This function updates the obtained bigRR object into a new object with heteroscedasticity assumption.

Usage

bigRR_update(obj, Z, family = gaussian(link = identity), tol.err = 1e-6, tol.conv = 1e-8, GPU = FALSE)

Arguments

obj
A bigRR object.
Z
The design matrix for the shrinkage/random effects.
family
the distribution family of y, see help('family') for more details.
tol.err
internal tolerance level for extremely small values; default value is 1e-6.
tol.conv
tolerance level in convergence; default value is 1e-8.
GPU
logical; specify whether GPU should be used in computation. Note that: 1. this option is only available in the R-Forge versions of bigRR; 2. the package gputools is required in this case, and the computer's graphic card needs to be CUDA-enabled. Check e.g. NVIDIA website for more information.

Details

See the reference paper for details.

References

Shen X, Alam M, Fikse F and Ronnegard L (2013).

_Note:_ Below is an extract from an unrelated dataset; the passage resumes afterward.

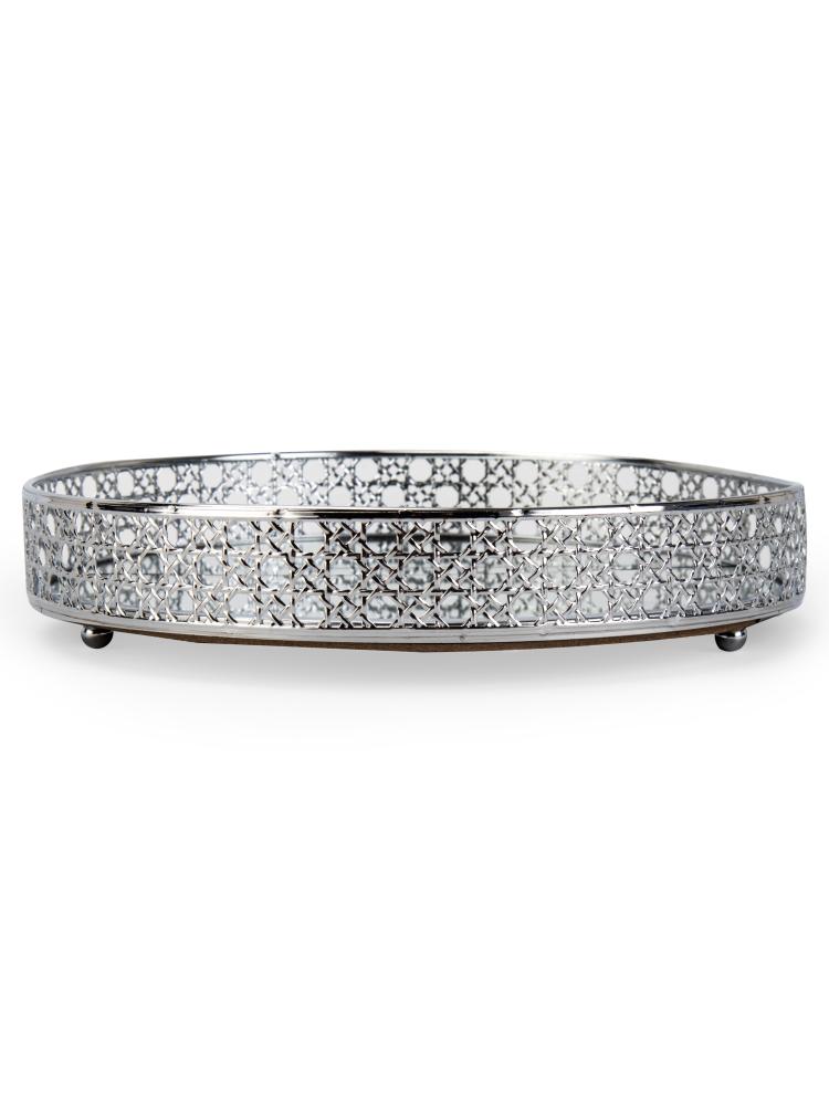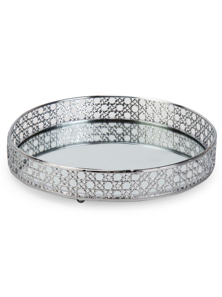 Поднос декоративный 20см круглый серебро металл с зеркалом

A novel generalized ridge regression method for quantitative genetics. Genetics, 193, 1255-1268.

Examples

Run this code
# --------------------------------------------- #  
#              Arabidopsis example              #
# --------------------------------------------- #  

require(bigRR)
data(Arabidopsis)
X <- matrix(1, length(y), 1)

## Not run: 
# # fitting SNP-BLUP, i.e. a ridge regression on all the markers across the genome
# #
# SNP.BLUP.result <- bigRR(y = y, X = X, Z = scale(Z), 
#                          family = binomial(link = 'logit'))
# 
# # fitting HEM, i.e. a generalized ridge regression with marker-specific shrinkage
# #
# HEM.result <- bigRR_update(SNP.BLUP.result, scale(Z), 
#                            family = binomial(link = 'logit'))
# 
# # plot and compare the estimated effects from both methods
# #
# split.screen(c(1, 2))
# split.screen(c(2, 1), screen = 1)
# screen(3); plot(abs(SNP.BLUP.result$u), cex = .6, col = 'slateblue')
# screen(4); plot(abs(HEM.result$u), cex = .6, col = 'olivedrab')
# screen(2); plot(abs(SNP.BLUP.result$u), abs(HEM.result$u), cex = .6, pch = 19, 
#                 col = 'darkmagenta')
# 
# # create a random new genotypes for 10 individuals with the same number of markers 
# # and predict the outcome using the fitted HEM
# #
# Z.new <- matrix(sample(c(-1, 1), 10*ncol(Z), TRUE), 10)
# y.predict <- as.numeric(HEM.result$beta + Z.new %*% HEM.result$u)
# #
# # NOTE: The above prediction may not be good due to the scaling in the HEM 
# #       fitting above, and alternatively, one can either remove the scaling 
# #       above or scale Z.new by row-binding it with the original Z matrix.
# ## End(Not run)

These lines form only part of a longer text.